WHAT TO DO → Somewhere below, one line contains "9. After the" and a later line contains "Get your friends". Output those two lines and everything between them exactly, and nothing else.

DATASET RECORDS →
*** Block opens ***

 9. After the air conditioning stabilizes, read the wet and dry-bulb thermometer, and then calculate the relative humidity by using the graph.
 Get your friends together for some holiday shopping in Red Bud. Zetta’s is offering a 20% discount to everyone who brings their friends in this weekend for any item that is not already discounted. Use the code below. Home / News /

*** Block closes ***
*** Block opens ***

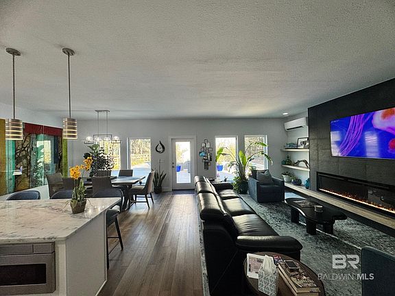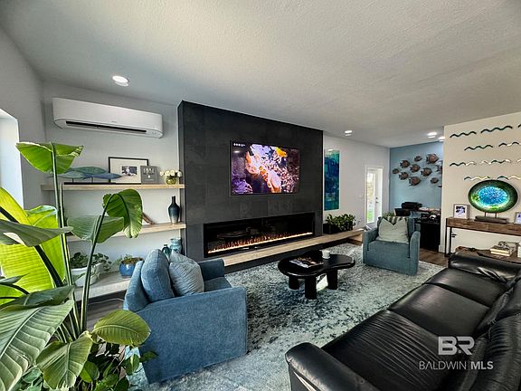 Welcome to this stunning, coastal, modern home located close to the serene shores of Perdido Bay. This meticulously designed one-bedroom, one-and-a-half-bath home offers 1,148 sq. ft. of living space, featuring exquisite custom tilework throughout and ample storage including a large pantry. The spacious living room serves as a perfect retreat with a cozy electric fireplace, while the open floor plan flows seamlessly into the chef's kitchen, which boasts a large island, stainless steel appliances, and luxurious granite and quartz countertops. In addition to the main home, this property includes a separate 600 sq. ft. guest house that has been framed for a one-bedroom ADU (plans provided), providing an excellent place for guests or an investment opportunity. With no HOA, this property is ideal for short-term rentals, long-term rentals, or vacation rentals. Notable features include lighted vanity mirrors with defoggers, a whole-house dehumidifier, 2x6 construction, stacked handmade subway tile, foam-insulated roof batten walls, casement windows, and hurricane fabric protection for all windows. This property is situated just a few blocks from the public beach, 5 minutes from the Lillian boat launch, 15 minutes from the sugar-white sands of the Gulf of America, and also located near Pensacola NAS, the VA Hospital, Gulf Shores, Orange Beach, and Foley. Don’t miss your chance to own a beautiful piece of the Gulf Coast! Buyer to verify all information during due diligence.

*** Block closes ***

SOLUTION TO THIS PROBLEM →
 9. After the air conditioning stabilizes, read the wet and dry-bulb thermometer, and then calculate the relative humidity by using the graph.
 Get your friends together for some holiday shopping in Red Bud. Zetta’s is offering a 20% discount to everyone who brings their friends in this weekend for any item that is not already discounted. Use the code below. Home / News /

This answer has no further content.